[Opening Supplied records section]

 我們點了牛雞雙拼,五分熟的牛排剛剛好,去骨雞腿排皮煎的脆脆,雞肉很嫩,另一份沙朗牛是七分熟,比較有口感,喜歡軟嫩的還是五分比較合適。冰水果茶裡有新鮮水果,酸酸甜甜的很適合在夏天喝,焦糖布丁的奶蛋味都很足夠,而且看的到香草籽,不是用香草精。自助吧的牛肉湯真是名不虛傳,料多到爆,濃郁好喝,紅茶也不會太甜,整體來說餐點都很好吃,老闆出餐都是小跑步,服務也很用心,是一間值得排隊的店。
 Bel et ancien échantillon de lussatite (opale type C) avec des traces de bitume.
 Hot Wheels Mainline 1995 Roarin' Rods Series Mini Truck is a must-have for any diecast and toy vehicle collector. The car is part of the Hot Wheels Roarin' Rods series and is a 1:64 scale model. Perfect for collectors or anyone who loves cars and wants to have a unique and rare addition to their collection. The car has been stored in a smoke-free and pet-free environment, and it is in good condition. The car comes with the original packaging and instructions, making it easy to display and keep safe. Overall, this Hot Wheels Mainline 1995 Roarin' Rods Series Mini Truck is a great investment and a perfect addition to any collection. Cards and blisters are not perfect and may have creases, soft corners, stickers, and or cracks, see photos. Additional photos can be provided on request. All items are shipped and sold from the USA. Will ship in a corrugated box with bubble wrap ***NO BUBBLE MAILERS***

[Closing Supplied records section]
[Opening Supplied records section]

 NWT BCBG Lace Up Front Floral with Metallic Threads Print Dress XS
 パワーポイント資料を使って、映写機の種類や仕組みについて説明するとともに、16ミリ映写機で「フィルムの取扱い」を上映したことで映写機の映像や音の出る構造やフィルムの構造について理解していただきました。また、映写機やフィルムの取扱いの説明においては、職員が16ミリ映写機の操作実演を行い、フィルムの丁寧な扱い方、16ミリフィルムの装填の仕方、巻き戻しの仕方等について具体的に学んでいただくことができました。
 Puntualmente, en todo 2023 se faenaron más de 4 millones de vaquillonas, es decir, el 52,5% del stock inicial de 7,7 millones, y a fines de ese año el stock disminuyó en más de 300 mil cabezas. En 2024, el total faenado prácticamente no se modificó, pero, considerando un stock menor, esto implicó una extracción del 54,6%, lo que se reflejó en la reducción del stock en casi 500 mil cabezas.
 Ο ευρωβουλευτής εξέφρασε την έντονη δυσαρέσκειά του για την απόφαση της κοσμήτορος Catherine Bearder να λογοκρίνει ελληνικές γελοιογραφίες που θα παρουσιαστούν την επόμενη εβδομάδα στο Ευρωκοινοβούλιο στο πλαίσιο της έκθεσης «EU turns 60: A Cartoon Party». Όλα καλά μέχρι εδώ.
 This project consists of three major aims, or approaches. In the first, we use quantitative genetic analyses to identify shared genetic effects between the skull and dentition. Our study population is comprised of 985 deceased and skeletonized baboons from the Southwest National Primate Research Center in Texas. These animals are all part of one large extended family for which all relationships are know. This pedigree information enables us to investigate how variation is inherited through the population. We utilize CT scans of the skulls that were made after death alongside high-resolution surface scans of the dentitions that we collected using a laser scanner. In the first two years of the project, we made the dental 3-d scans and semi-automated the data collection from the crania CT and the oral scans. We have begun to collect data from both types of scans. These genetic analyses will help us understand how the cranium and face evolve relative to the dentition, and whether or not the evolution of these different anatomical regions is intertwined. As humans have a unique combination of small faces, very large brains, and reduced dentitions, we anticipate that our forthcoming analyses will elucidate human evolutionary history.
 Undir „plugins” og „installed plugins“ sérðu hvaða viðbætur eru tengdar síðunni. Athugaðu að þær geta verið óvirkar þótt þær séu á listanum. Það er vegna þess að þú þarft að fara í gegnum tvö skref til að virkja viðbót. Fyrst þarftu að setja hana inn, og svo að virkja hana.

[Closing Supplied records section]
[Opening Supplied records section]

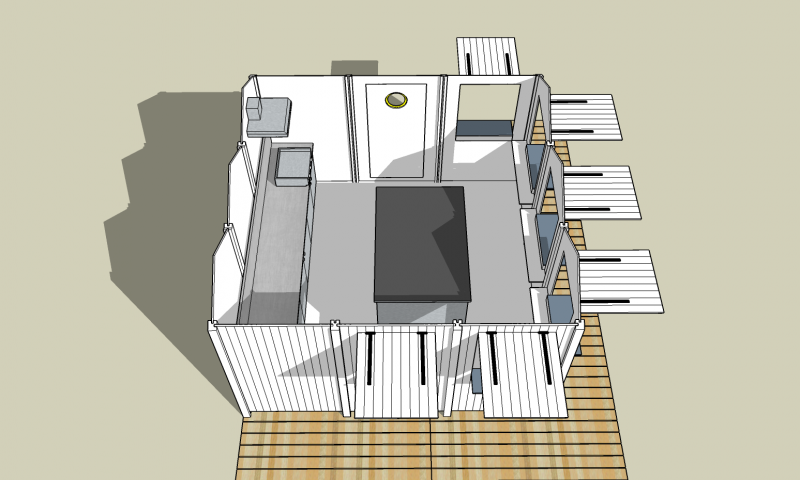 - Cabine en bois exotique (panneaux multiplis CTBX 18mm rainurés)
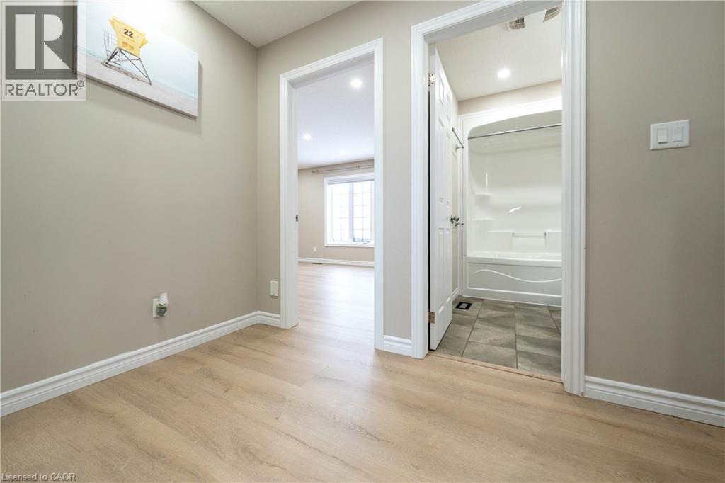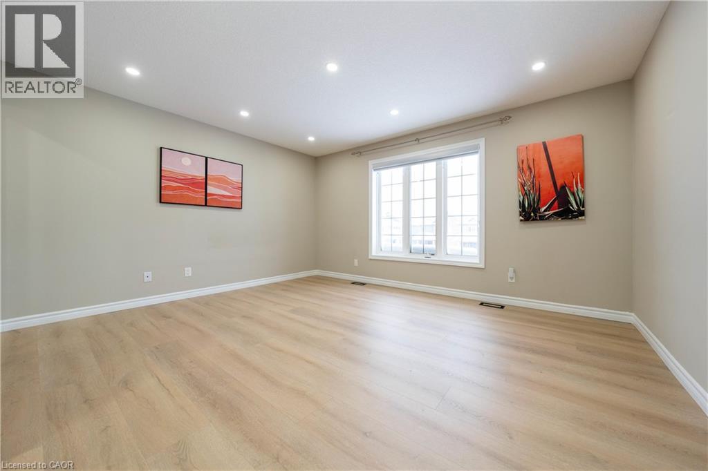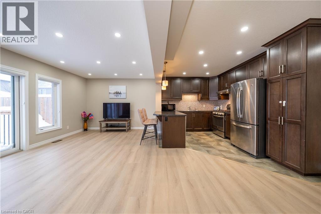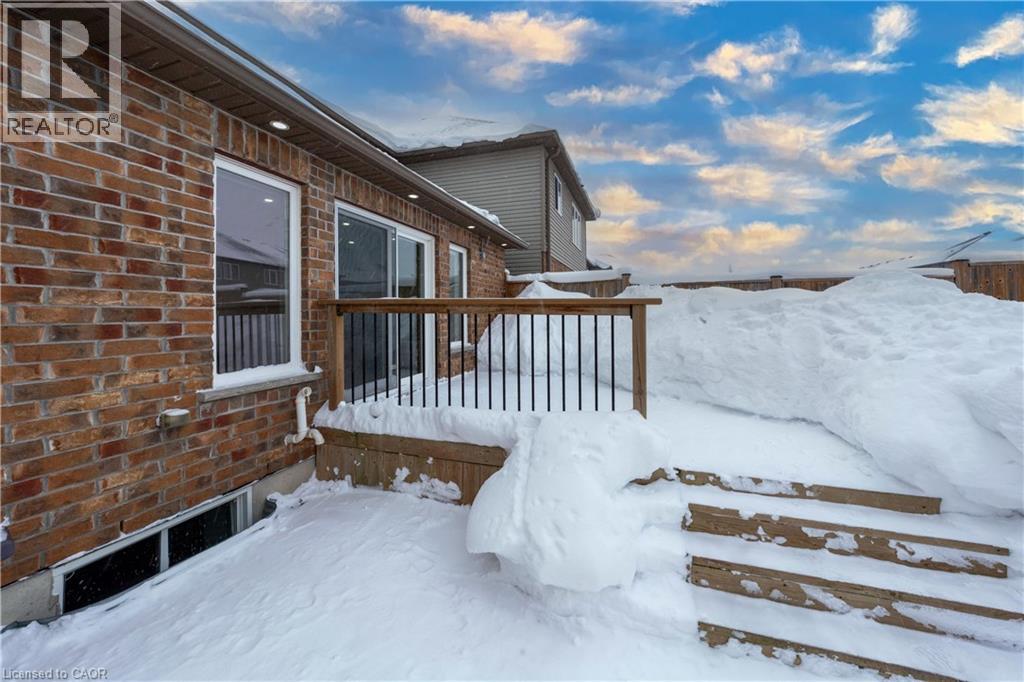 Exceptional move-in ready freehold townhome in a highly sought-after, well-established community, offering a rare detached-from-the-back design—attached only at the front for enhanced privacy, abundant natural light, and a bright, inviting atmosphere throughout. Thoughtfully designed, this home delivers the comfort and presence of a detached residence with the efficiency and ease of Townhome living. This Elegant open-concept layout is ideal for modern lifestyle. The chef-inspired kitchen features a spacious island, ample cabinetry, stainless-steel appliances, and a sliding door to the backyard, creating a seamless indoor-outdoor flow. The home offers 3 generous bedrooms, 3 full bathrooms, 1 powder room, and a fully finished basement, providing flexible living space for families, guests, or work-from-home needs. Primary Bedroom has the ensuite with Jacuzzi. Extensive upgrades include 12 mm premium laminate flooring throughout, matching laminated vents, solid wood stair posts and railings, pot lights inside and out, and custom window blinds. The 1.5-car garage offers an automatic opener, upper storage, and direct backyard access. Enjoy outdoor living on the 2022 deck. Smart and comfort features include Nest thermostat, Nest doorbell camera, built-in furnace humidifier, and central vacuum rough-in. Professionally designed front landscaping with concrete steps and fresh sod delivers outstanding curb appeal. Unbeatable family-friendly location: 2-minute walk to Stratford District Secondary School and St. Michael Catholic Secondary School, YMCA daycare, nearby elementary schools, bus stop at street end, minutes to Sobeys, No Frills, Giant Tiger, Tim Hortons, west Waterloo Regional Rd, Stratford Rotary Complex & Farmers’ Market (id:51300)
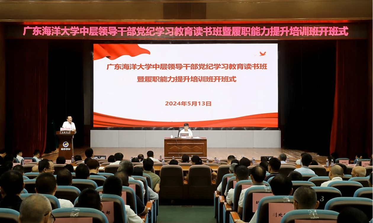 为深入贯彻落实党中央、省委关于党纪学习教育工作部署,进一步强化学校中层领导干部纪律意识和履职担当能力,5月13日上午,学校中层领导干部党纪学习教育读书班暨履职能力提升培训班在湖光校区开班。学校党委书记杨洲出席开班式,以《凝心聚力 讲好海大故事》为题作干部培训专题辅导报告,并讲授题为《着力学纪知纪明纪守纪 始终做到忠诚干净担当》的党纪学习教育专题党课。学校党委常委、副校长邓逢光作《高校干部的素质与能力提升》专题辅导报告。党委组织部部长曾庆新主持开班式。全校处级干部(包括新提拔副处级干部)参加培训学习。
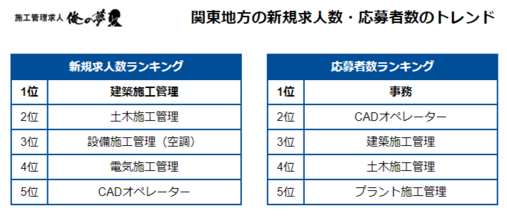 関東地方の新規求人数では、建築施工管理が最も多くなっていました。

[Closing Supplied records section]

*Work task:* In the listing above, find the line containing "我們點了牛雞雙拼,五分熟的牛" and the line containing "Bel et ancien", then repeat those two lines and everything between them exactly.

*Your response:*
 我們點了牛雞雙拼,五分熟的牛排剛剛好,去骨雞腿排皮煎的脆脆,雞肉很嫩,另一份沙朗牛是七分熟,比較有口感,喜歡軟嫩的還是五分比較合適。冰水果茶裡有新鮮水果,酸酸甜甜的很適合在夏天喝,焦糖布丁的奶蛋味都很足夠,而且看的到香草籽,不是用香草精。自助吧的牛肉湯真是名不虛傳,料多到爆,濃郁好喝,紅茶也不會太甜,整體來說餐點都很好吃,老闆出餐都是小跑步,服務也很用心,是一間值得排隊的店。
 Bel et ancien échantillon de lussatite (opale type C) avec des traces de bitume.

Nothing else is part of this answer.